You have this amazing guy that you deeply love to bits. You're always caring, always by his side trying to be the best friend you can be, and you've accepted him with all his flaws.
As the good and caring girlfriend you are, you wish the best for him, motivate him all the time, console him and are there for him even when the world seems to be against him. Yes, you may have options, but you chose to stick to him.
Then one day he decides to walk away from you. He didn't appreciate how much you loved him, the sacrifices you made for the relationship, or even the fact that you hung in there while others cared less. To him, you simply weren't good enough.
This definitely brought you to your knees. It tore the innermost core of your heart. You felt dejected, rejected, embarrassed and it possibly shattered your self-esteem. In fact, rather than blaming him, you started blaming yourself and being too hard on yourself. You questioned what you did or didn't do wrong.
To heal your shattered heart, you'll spend days and nights crying. Every day you'd look out of the window or wait to see him walk through the door. You are willing to welcome him with open arms yet you know he doesn't deserve you.
Many people would say you are crazy to want him back after he put you through all the pain, anxiety, and feeling of self-unworthiness.
Over time, however, you come to terms with reality. He isn't there anymore. And although you think about him less and less as the days go by, your heart may be ready to forgive him. You believe that when he comes back he'll be there to stay. He will have realized his mistakes and is back because he truly loves you.
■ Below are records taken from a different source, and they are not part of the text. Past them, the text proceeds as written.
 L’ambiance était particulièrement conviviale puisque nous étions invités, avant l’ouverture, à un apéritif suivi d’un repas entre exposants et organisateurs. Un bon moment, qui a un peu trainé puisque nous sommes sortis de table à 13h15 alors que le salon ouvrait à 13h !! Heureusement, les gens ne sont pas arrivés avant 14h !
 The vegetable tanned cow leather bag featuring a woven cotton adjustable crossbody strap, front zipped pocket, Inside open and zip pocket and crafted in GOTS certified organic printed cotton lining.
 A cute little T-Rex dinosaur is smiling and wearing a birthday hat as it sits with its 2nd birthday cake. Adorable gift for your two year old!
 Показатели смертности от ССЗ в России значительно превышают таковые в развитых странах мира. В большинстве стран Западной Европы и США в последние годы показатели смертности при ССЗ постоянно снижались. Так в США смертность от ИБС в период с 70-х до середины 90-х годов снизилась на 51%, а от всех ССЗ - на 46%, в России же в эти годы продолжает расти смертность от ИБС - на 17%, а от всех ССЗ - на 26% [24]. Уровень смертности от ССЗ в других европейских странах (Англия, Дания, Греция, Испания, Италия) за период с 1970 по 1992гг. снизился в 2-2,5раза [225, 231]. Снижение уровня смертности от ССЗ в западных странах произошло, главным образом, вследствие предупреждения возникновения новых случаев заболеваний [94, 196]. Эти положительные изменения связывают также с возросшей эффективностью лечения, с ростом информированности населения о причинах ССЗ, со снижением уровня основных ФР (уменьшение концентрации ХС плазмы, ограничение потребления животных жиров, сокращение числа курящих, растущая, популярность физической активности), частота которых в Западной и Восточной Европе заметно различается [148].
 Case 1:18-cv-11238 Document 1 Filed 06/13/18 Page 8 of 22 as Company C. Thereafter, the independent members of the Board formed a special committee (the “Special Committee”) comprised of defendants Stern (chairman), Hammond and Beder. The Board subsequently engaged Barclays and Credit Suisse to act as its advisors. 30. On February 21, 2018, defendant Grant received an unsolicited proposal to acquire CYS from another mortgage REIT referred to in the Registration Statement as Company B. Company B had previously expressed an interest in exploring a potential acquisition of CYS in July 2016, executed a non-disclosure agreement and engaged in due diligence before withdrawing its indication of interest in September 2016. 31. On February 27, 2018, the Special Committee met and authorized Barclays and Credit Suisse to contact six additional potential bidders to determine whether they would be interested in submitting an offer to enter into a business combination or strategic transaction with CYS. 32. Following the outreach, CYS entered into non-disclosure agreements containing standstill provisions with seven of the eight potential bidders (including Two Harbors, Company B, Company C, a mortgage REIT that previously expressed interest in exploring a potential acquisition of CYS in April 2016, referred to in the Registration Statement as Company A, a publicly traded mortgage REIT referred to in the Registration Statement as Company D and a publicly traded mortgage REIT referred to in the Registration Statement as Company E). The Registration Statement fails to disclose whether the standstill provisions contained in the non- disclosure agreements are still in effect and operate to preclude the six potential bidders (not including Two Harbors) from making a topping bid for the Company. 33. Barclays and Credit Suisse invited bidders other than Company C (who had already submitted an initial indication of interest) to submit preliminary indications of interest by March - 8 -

Sadly, when that time comes, it probably will be too late.
While he destroyed your self-esteem, he did improve your self-worth. You gave him the power to soar high and loved him. This gave him a sense that all other women will do the same for him. He will meet many out there, and just like you, he'll start to forget about you over time.
However, he'll soon realize that you were special and that your love and care was real. The only way to heal the void in his heart is by being with you. He'll begin thinking about you while regretting why he let you go. And to make amends, he'll be back to continue where he left at.
However, it'll be too late.
While he was away, you developed a stronger sense of self-worth, became more self-aware and you also dealt with the heartbreak and pain. He became a distant memory and you got over him. You moved on and strongly believe that "Buried things are best left BURIED."
Be watchful nonetheless —Even though you'll have told him that you moved on, he won't simply give up on you. In fact, he'll work twice as hard to convince you that he has changed. He will blame his immaturity, confusion, worries on "YOU", and other things for doing what he did. But this time around, he will assure you that he'll never hurt you again.
Believing what he tells you is the biggest mistake you'll ever make. The truth is that he hasn't really changed but wants what he believes he has lost. It doesn't mean he'll love you if he didn't love you earlier. It doesn't mean that he'll be more supportive.
Yes, you do deserve a second chance. But not with him. You'll never be able to get back what you lost. And it'll be foolish to try and convince yourself otherwise.
When your man returns (believe me, he will), don't even think about giving him a second chance. Let him be but a memory and don't even look back.